Microsoft has added two new models to its Phi small language model family: Phi-4-multimodal, which can handle audio, images and text simultaneously, and Phi-4-mini, a streamlined model focused on text processing.
Phi-4-multimodal introduces what Microsoft calls a "mixture-of-LoRAs" approach. This allows it to process text, audio, and visual input in a single representation space, eliminating the need for complex pipelines or separate models for different types of data.
The model has taken the top spot in the Huggingface OpenASR Leaderboard for automatic speech recognition with a word error rate of only 6.14 percent. This puts it ahead of specialized models such as WhisperV3 and SeamlessM4T-v2-Large. According to Microsoft, the model also excels in speech translation and summarization.
Despite its relatively compact size, Phi-4-multimodal also shows good performance on vision-related tasks, especially when it comes to mathematical and scientific reasoning, Microsoft says.
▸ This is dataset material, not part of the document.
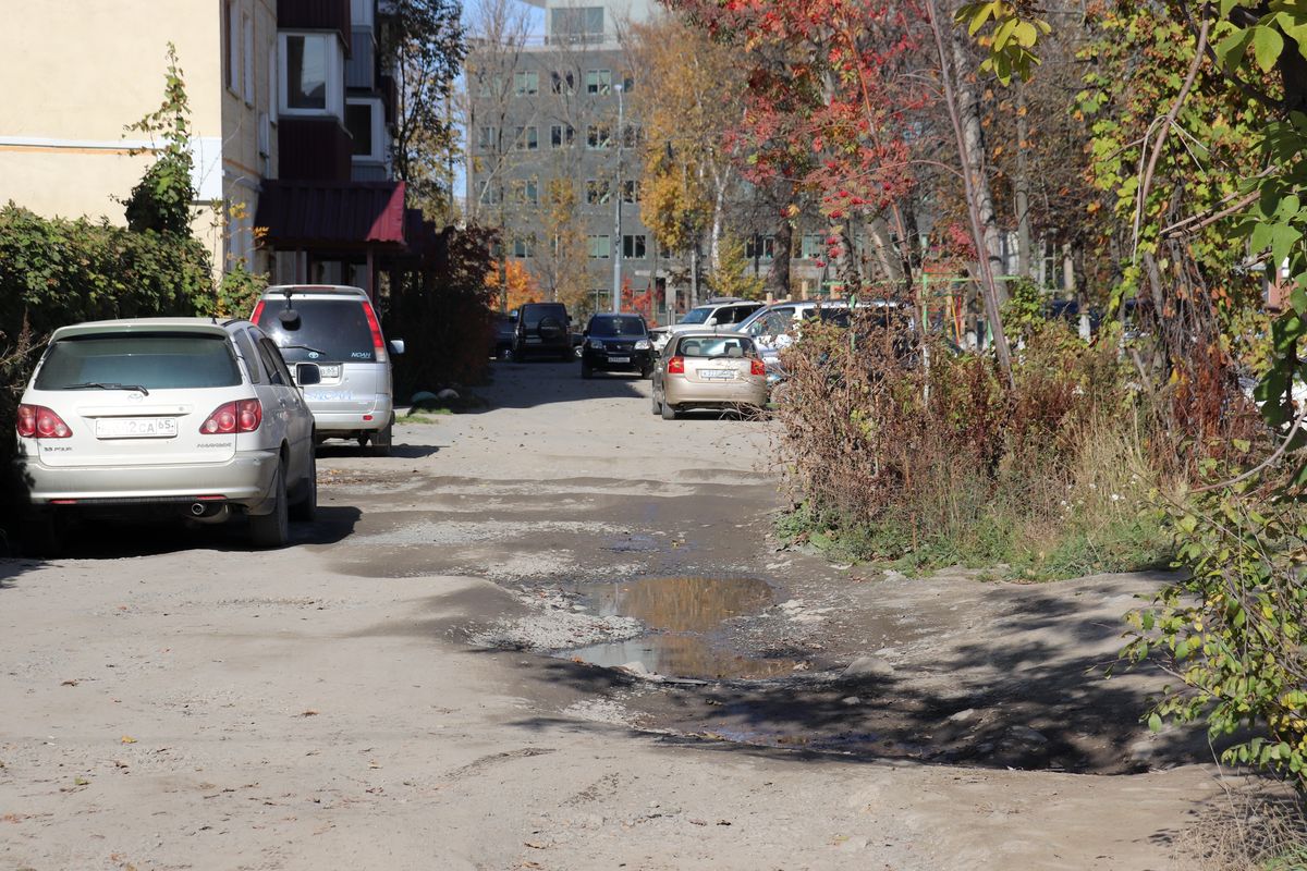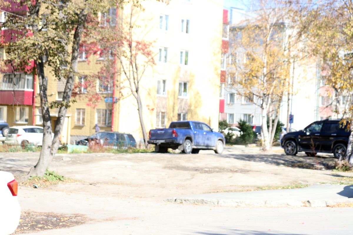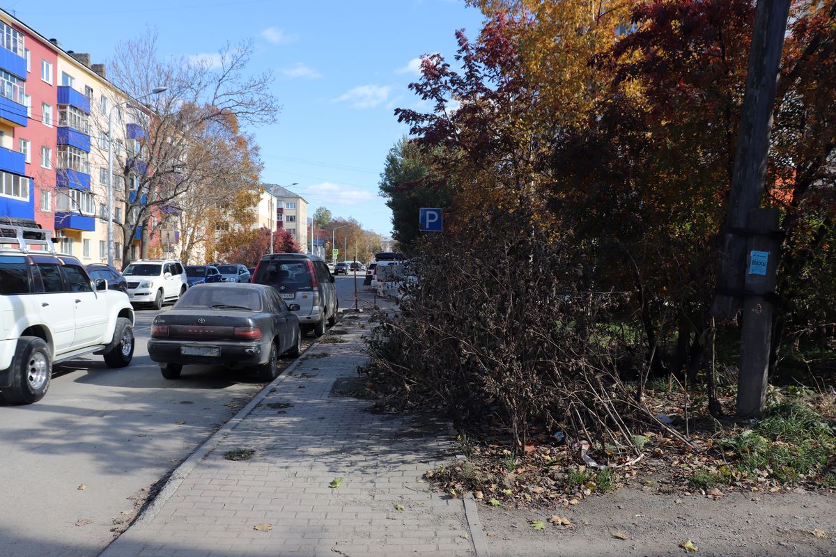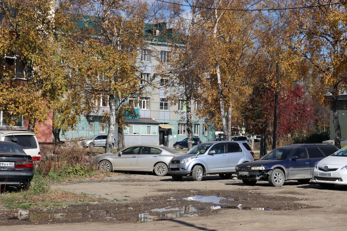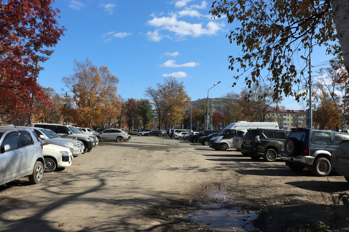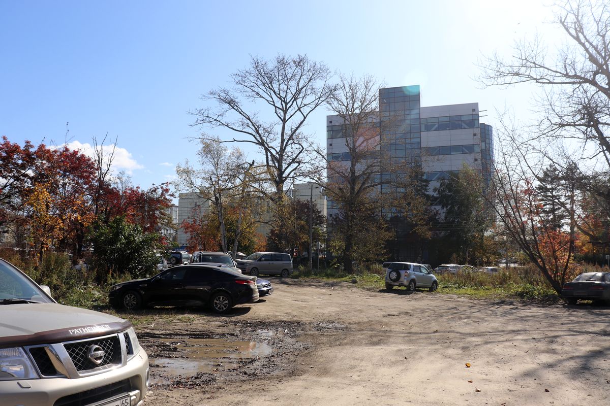 Останавливаемся не перед «лицом», а перед «задом» правительства Сахалинской области – парковка автотранспорта многочисленных офисных служащих и их посетителей на улице Хабаровской. Ее активно рекламируют в зимний период как площадку, где можно оставить свой автотранспорт в период непогоды, дабы не загромождать дворы и дать возможность расчистить их территорию.

The company reports that it rivals larger models such as Gemini-2-Flash-lite-preview and Claude-3.5-Sonnet in document and graph comprehension, optical character recognition, and visual scientific reasoning.

Phi-4-mini: Focused on efficiency
The new Phi-4-mini comes in at 3.8 billion parameters and is built as a dense decoder-only transformer with a 128K context window. Microsoft has optimized it specifically for speed and efficiency.
One of Phi-4-mini's standout features is its function calling capability, which allows it to automatically use tools. The model can analyze queries, call relevant functions with appropriate parameters, receive results, and incorporate them into its responses using a standardized protocol. This makes it well suited for agent-based systems that need to connect to external tools, APIs, and data sources, Microsoft says.

Real-world applications
Microsoft sees multiple applications for both models. Phi-4-multimodal could be integrated into smartphones to handle voice commands and image analysis, while also helping to improve driver assistance systems in cars. For Phi-4-mini, Microsoft sees particular value in financial services applications. It could support tasks such as calculations, report generation, and translation of financial documents.
Both models are available via Azure AI Foundry, Hugging Face and the NVIDIA API Catalog. These new additions join the Phi-4-14B language model, which Microsoft introduced in December 2024 and released with weights in January.